Вдруг при очередной вспышке молнии длинные распущенные волосы Настасьи поднялись кверху и встали стоймя, мало не доставши своими концами до потолка.
— А я сразу поняла, что ты не из наших! — удовлетворенно проговорила Минкина, остановившись в нескольких шагах от юноши и пристально оглядев его с головы до ног. Голос ее изменился, приобретя металлический тембр, а цепкий взгляд распяленных в разные стороны зенок пробрал юношу до костей словно мороз. За без малого две сотни лет до изобретения сканирования она видела насквозь. — Давай, ври, почто пришел, ворог?
По «морозному» взгляду юноша безошибочно понял, кто перед ним. Точнее, кто находится сейчас в теле Минкиной. Разумеется, эта сущность пребывала в нем уже давно, судя по общему его состоянию, но вставшие дыбом волосы свидетельствовали, что она в данный момент активна. Недаром на старинных иконах демонов изображали с подъятыми кверху власами[49].
Минкина высилась над субтильным юношей словно гора, состоящая из десятков пудов жира. Неожиданно молодому человеку почудилось, что из широченной ноздри ее свесилось нечто, весьма напоминающее кончик крысиного хвоста, и тут же скользнуло обратно внутрь.

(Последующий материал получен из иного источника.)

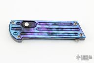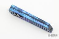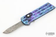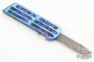 This Mini OTF Auto by Pro-Tech has a Damascus drop point style blade. The handle has an anodized aluminum frame. This knife is marked prototype. Excellent Condition.

Он потряс головой, чтоб прогнать наваждение, которое, верно, наслали на него бесы, дабы отвлечь от порученной ему миссии, и громко крикнул:
— Я пришел, чтобы убить тебя!
Полы плаща-крылатки разлетелись в стороны, и под ними обнаружился внушительный пистоль изрядной работы, богато отделанный серебряными узорами в виде православных крестов. В затвор этого чуда современной инженерной мысли был горизонтально вставлен предмет, более всего напоминавший губную гармонику. По всей длине «музыкального инструмента» располагались отверстия, в каждое из которых был вставлен заряд, способный остановить даже разъяренного быка. Головки пуль тускло блеснули в свете очередной вспышки молнии чистым серебром, и на каждой из них был вырезан крест — для вящей убойной силы, дабы пуля раскрывалась в полете подобно цветку и ранила сильнее, но и не только…
Узрев перед собой блестящие головки пуль с крестообразной нарезкой, Минкина взревела словно раненый зверь. В ответ раздалось два оглушительных хлопка — это юноша успел дважды взвести курок и столько же раз нажать на спусковой крючок. Подающий механизм исправно смещал смертоносную «губную гармонику» вправо, подставляя под боек новые заряды. Но две серебряные пули ушли «в молоко», а третьего выстрела сделать стрелку не дали: его запястье внезапно обожгла острая боль, он выронил пистолет, и чудесное изделие тайных мастерских общества Иисуса Сладчайшего покатилось по полу, гремя расколотым ложем. На руке юноши, вцепившись в нее мертвой хваткой, висела огромная, невесть откуда взявшаяся крыса.
Соло на «губной гармонике» оказалось сыграно на редкость фальшиво, и оконфузившегося музыканта ожидали теперь лишь пронзительный свист и тухлые яйца.
Минкина оглушительно расхохоталась:
— Убить меня?! Да ты в своем ли уме, щенок?!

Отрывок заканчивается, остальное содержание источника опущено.